Siempre que regreso al país de mis amores y desamores, el delgado barniz de la vida en el desarrollo sufre un baño de disolvente cuando me desplazo por carreteras y calles, sobre todo en Santo Domingo. De inicio encajo el primer choque con la nueva realidad en el Aeropuerto (“Vergüenza”) Internacional de las Américas: sus instalaciones claramente tercermundistas exudan descuido; a la salida misma de las aeronaves hay de ordinario un grupo de buscones con nombres de pasajeros a los que se dará algún tipo de trato especial. En otros países, se reservan esos servicios a las áreas allende migración y aduana porque a las demás instalaciones aeroportuarias, los mortales comunes y corrientes, diplomáticos incluidos, acceden solo en circunstancias excepcionales.

El dominicano es de ordinario apacible, comedido y reacio a que la sangre se le trepe a la cabeza, excepto en el caso de algunas autoridades engreídas o cuando el alcohol fluye por la anatomía. La represión de los malos modales suele correr paralela al nivel de educación, valga aquello, empero, de que la excepción confirma la regla. Sin embargo, a todos corresponde calificación insuficiente en el comportamiento al volante de los automotores. Es como si la locomoción rápida guardara relación directa con un déficit de decencia y responsabilidad cívica. Va más allá, el problema, de la inobservancia continua de las reglas de circulación. Es demasiado visible el nivel elevado de violencia; verbal, a veces y otras, física, como informan los partes sobre pistolas al aire, tiroteos e incluso víctimas fatales.
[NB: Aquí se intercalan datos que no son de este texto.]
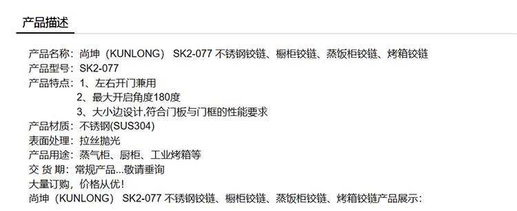 尚坤(KUNLONG) SK2-077 不锈钢铰链、橱柜铰链、蒸饭柜铰链、烤箱铰链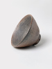Diese wilde Porzellanerde haben wir in Ostdeutschland gefunden. Sie entwickelt hier einen wunderschönen Grauton mit zarten Übergängen ins Apricotfarbene mit schwarzen Einschlüssen. Die angeflogene Holzasche des Brandes bildet eine transparente, orangeartige Glasur. An einer Seite findet sich ein fellartiger Fleck aus ungeschmolzener Asche. / We found this wild kaolin in East Germany. Here, it develops a beautiful grey tone with delicate transitions into apricot and features black inclusions. The fly ash from the firing forms a transparent, orange-toned glaze. On one side, there is a fur-like patch of unmelted ash.

Ese desarraigo de la buena ciudadanía se ha extendido a los medios de comunicación. Abundan los programas en los que el insulto es costumbre, la presunción de inocencia fue abolida y el irrespeto, ya sea con frases subidas de tono o alusiones atrevidas, son plato apetitoso que consume una audiencia al parecer voraz. Ni hablar de las redes o los comentarios que acompañan a las informaciones y opiniones.

El exordio parecería vano porque el tema que me convoca esta semana es el de las tres causales. Para nada. Lo que aqueja a la sociedad dominicana es el síndrome de la intolerancia, exacerbado en parte por la tensión afín a todo proceso de cambio. Recorremos muy lentamente la transición de una cultura autoritaria a otra más democrática, desacostumbrados aún a las mutaciones y adaptaciones que acarrea el canje de lo rural por lo urbano, la macana por el diálogo. En la disolución de viejos lazos y la adquisición de otros, se verifican inconductas que a muchos parecerán eternas, mas deberán desaparecer tarde o temprano si queremos convertirnos en un país desarrollado. Porque desarrollo es más que crecimiento económico o rebasar las cotas de ingreso por cabeza que señalan los índices.

El rechazo a las tres causales con el auxilio del escudo religioso es cónsono con las rémoras de intransigencia y nostalgia de mano dura que sobreviven en la sociedad dominicana en pleno siglo XXI, pese a la globalización creciente, a la quiebra de las ideologías y al auge del pensamiento progresista, precisamente impulsado por la explosión de las redes sociales y su otra cara: vehículos de cambio y guardianes de los derechos ciudadanos. Acaba de comprobarse en los Estados Unidos con el golpe de gracia a las ambiciones de Donald Trump de reelegirse, el movimiento de reivindicación de la mujer y la lucha contra el racismo.

Quienes rechazan las tres causales se asemejan a los antivacunas contra la COVID-19, los aficionados a los remedios caseros y devotos de bulos como la fortuna de la familia Rosario. Obvian la ciencia y se decantan por creencias y supersticiones que historia y hechos cuestionan. Toda religión se basa en la fe, y no en certeza científica. Creer en una divinidad con el apoyo exclusivo del convencimiento personal es perfectamente válido, solo que en singular. Cuando se quiere colectivizar e imponer como regla social, retrocedemos a la etapa de los libros prohibidos, de la Inquisición y de esas barbaridades que informan capítulos lúgubres del devenir de la humanidad. En todos los libros y códices sobre los que se sostiene el ejercicio de las tres religiones monoteístas encontramos la raíz del patriarcado y relegación de la mujer a un plano secundario. Tanto así, que en dos de esas confesiones hay separación de sexo en los lugares de culto. El Vaticano ha mantenido el sacerdocio por siglo en manos masculinas, un monopolio sexista.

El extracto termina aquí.